Source data =
· · · ·
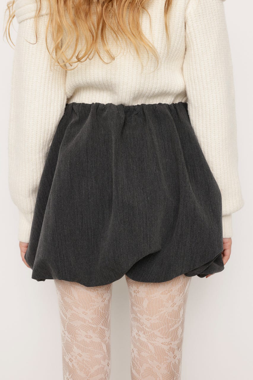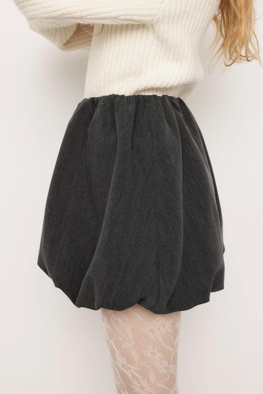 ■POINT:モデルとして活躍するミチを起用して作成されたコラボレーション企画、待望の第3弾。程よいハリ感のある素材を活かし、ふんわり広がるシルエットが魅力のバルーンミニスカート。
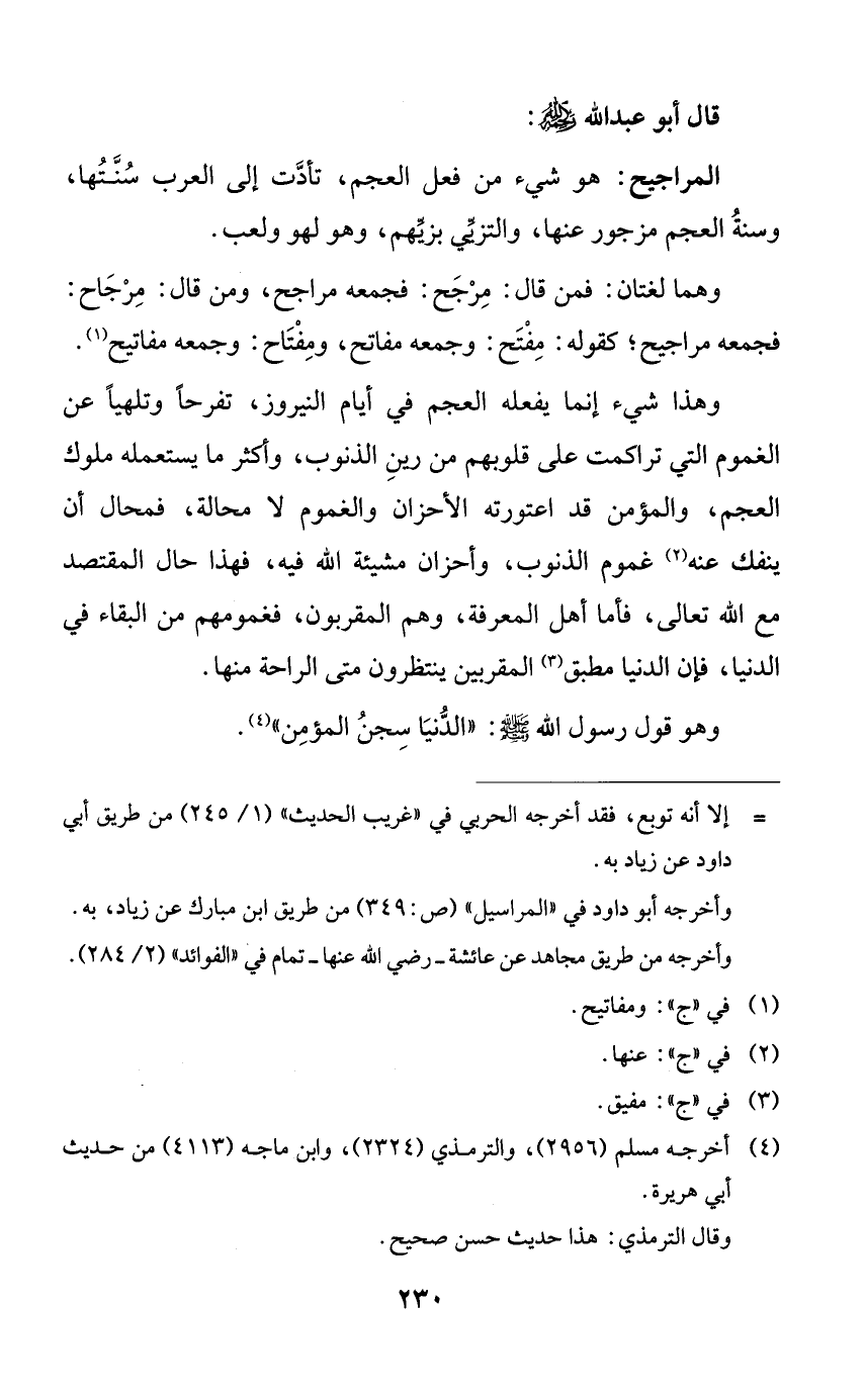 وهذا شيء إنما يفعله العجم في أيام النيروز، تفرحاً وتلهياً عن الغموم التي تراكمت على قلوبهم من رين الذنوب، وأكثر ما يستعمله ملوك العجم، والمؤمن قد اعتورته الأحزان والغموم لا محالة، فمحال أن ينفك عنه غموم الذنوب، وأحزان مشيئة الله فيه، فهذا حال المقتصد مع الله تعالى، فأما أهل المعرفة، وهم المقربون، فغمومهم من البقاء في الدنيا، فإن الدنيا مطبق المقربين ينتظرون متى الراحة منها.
· · · ·
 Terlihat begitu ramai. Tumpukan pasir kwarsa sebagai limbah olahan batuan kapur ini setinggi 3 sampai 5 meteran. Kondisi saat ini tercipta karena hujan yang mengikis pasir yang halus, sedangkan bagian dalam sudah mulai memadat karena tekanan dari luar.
· · · ·
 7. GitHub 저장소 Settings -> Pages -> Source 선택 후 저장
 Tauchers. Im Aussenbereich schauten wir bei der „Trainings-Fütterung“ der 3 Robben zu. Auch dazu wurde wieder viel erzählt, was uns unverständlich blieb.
· · · ·
Task to carry out =
Retype only this portion of the data above: the line containing "7. GitHub 저장소", the line containing "Tauchers. Im Aussenbereich", and all lines between them, exactly.

Answer area =
 7. GitHub 저장소 Settings -> Pages -> Source 선택 후 저장
 Tauchers. Im Aussenbereich schauten wir bei der „Trainings-Fütterung“ der 3 Robben zu. Auch dazu wurde wieder viel erzählt, was uns unverständlich blieb.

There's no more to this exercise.